Когда из поперечной улицы вдруг несло пронзительным холодом с Невы, он поднимал воротник и думал, что все-таки Петербург — единственный европейский город в России. Иногда, так же как холод из поперечной улицы, приносило вдруг долгую, тоскливую солдатскую песню: «Идем… идем… идем мы за царя…» И тут Рувим Абрамович вспомнил о войне. Он, признаться, в первые дни войны думал, что Россия будет очень быстро разбита. Нет, исход войны, пожалуй, гадателен — в таких вот солдатских песнях звучала настойчивая и внушительная сила. Мысль его снова вернулась к двум телефонным разговорам с Анной Ивановной. Как-то по-другому стала она разговаривать. Не то чтобы менее любезна, нет, она явно обрадовалась его звонку, но что-то такое появилось в ее голосе, будто цена ее повысилась. «О! — с удовольствием сказал себе Рувим Абрамович. — Законная супруга — значит цена повысилась, именно так!» Проезжая по Морской, Рувим Абрамович заехал в цветочный магазин — один из лучших в столице. Его привлекло апельсиновое деревце в цвету, единственное в магазине; оно было заказано для какой-то великолепной свадьбы, но свадьба не состоялась. Вот это-то деревце он и взял. И когда Анна Ивановна, вошедшая в гостиную, где было поставлено деревце, всплеснула руками и сказала: «Какая прелесть!» — он понял, что угодил ей. И она сделала то же, что любая женщина сделала бы на ее месте: сразу же сунула нежно зарумянившееся от удовольствия лицо в белые, начавшие ронять лепестки и по-весеннему пахнущие цветы.
Тут же Анна Ивановна сообщила, что после свадьбы ван Андрихем прихварывает, стал очень беспокоен и не отпускает ее от себя.

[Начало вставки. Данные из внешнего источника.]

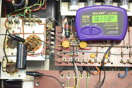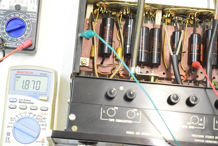 こちらはC22の初期型なのでカップリングコンデンサーは殆どバンブルビーの筈ですが、以前どこかでレストアの際に全てブラックビューティーに交換されています。しかも耐圧の違う大きいものに交換されています。

«Не отпускает от себя», — подумал Рувим Абрамович, окинув оценивающим взглядом ее светлые волосы, оттененные темными бровями, и все ее исполненное уверенности в себе, невольно останавливающее взгляд лицо. В ее костюме, как бы составленном из отдельных больших лоскутов оранжевого и белого шелка, произвольно прилаженных один к другому, небрежно связанных узлом на животе и как бы нечаянно открывавших узкую щель по правому плечу, было что-то весеннее. Хотя это и не было подвенечное платье, но какой-то намек на него…
— Вы написали Темиркану? Имеете, что-нибудь от него? — быстрым шепотом спросила Анна и отвлекла Рувима Абрамовича от подсчета стоимости платья, которым он тотчас же непроизвольно занялся.
Но в этот момент раздался звонок и звук резковатого голоса ван Андрихема.
За эти два года, пока Гинцбург не видел ван Андрихема, в его наружности, произошли такие перемены, что лицо Рувима Абрамовича, конечно, выразило испуг, и ван Андрихем, заметив это выражение, недовольно зажмурился. Он лежал на широкой постели в теплой пижаме, с ногами, укрытыми пледом. Он не то что похудел — он никогда не был толст, — но весь пожелтел, даже позеленел, пожалуй. Рувим Абрамович точно впервые увидел глаза его, темно-зеленые, полные злой требовательности и тоски.